> Collected material
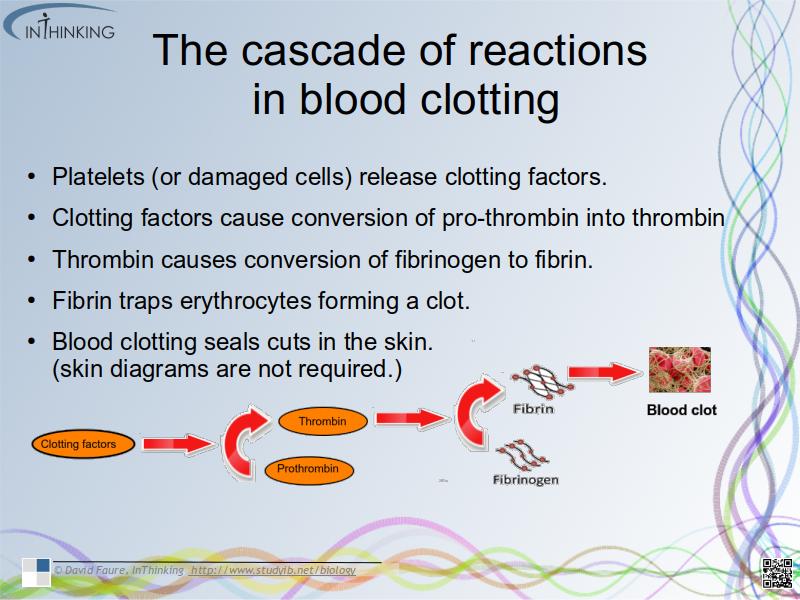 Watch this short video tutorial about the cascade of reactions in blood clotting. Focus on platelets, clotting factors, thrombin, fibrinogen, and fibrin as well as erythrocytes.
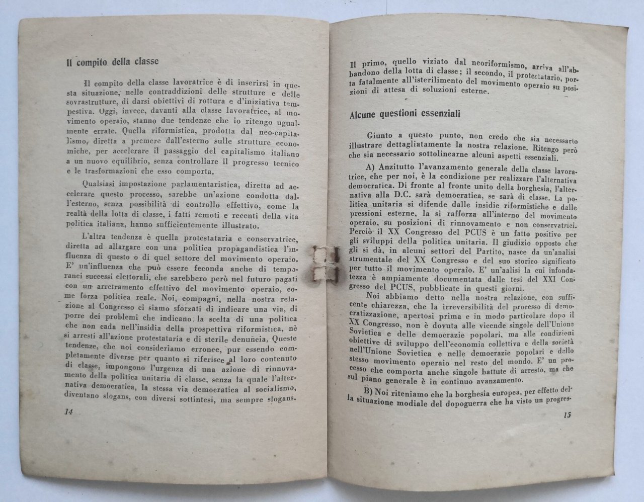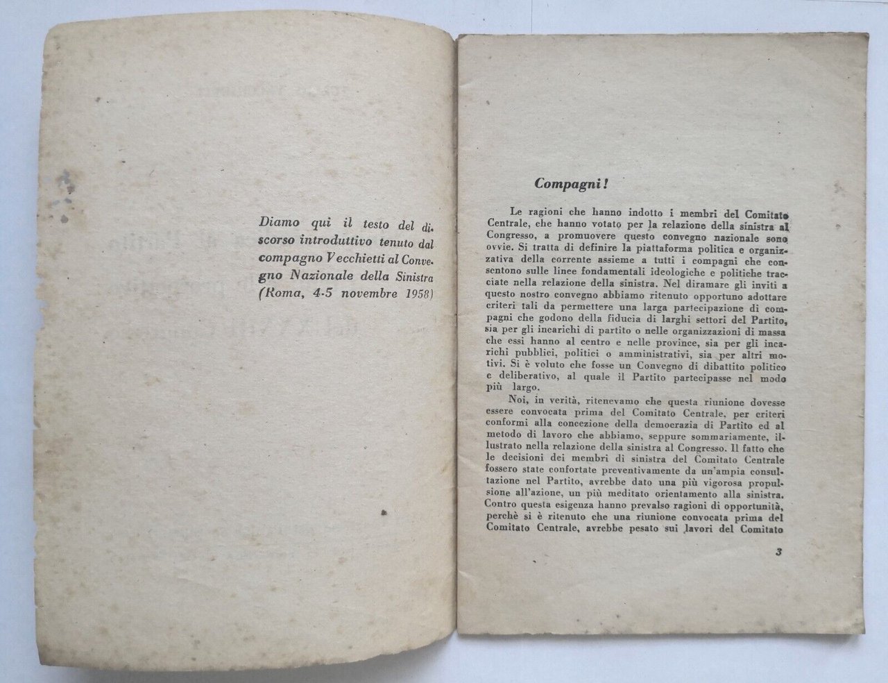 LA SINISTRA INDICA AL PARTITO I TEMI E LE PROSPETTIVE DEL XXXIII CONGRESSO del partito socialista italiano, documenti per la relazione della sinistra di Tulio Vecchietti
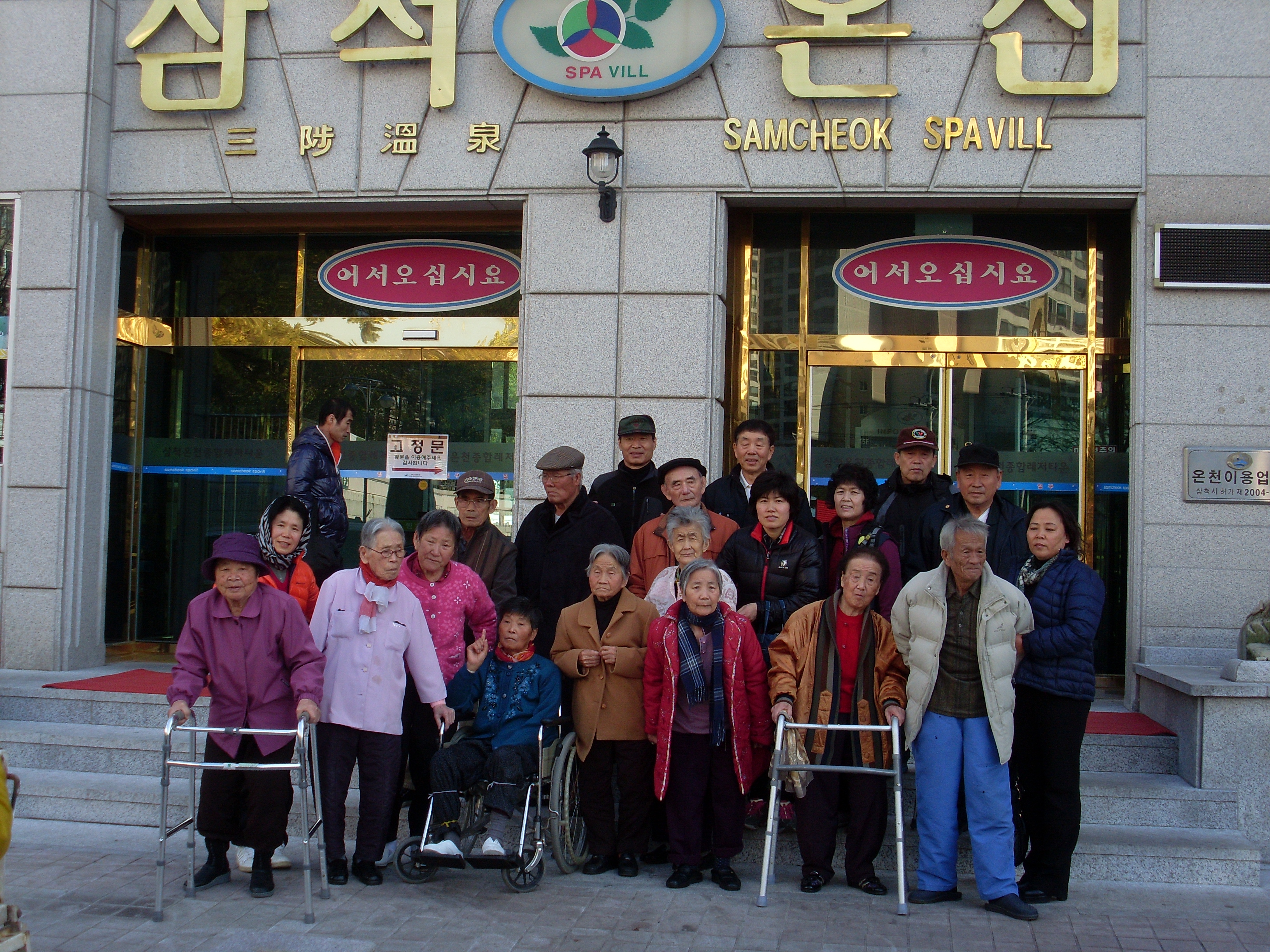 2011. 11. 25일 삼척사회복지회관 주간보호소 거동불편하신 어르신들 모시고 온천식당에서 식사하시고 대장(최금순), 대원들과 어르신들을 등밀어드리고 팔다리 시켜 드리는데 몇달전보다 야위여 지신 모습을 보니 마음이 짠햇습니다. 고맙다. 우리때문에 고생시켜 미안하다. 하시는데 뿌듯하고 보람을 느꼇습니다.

> Assignment
Transcribe exactly the line containing "LA SINISTRA INDICA" and every line after it through the end of the listing above; pictures are not part of the copy.

> Answer to the exercise
 LA SINISTRA INDICA AL PARTITO I TEMI E LE PROSPETTIVE DEL XXXIII CONGRESSO del partito socialista italiano, documenti per la relazione della sinistra di Tulio Vecchietti
 2011. 11. 25일 삼척사회복지회관 주간보호소 거동불편하신 어르신들 모시고 온천식당에서 식사하시고 대장(최금순), 대원들과 어르신들을 등밀어드리고 팔다리 시켜 드리는데 몇달전보다 야위여 지신 모습을 보니 마음이 짠햇습니다. 고맙다. 우리때문에 고생시켜 미안하다. 하시는데 뿌듯하고 보람을 느꼇습니다.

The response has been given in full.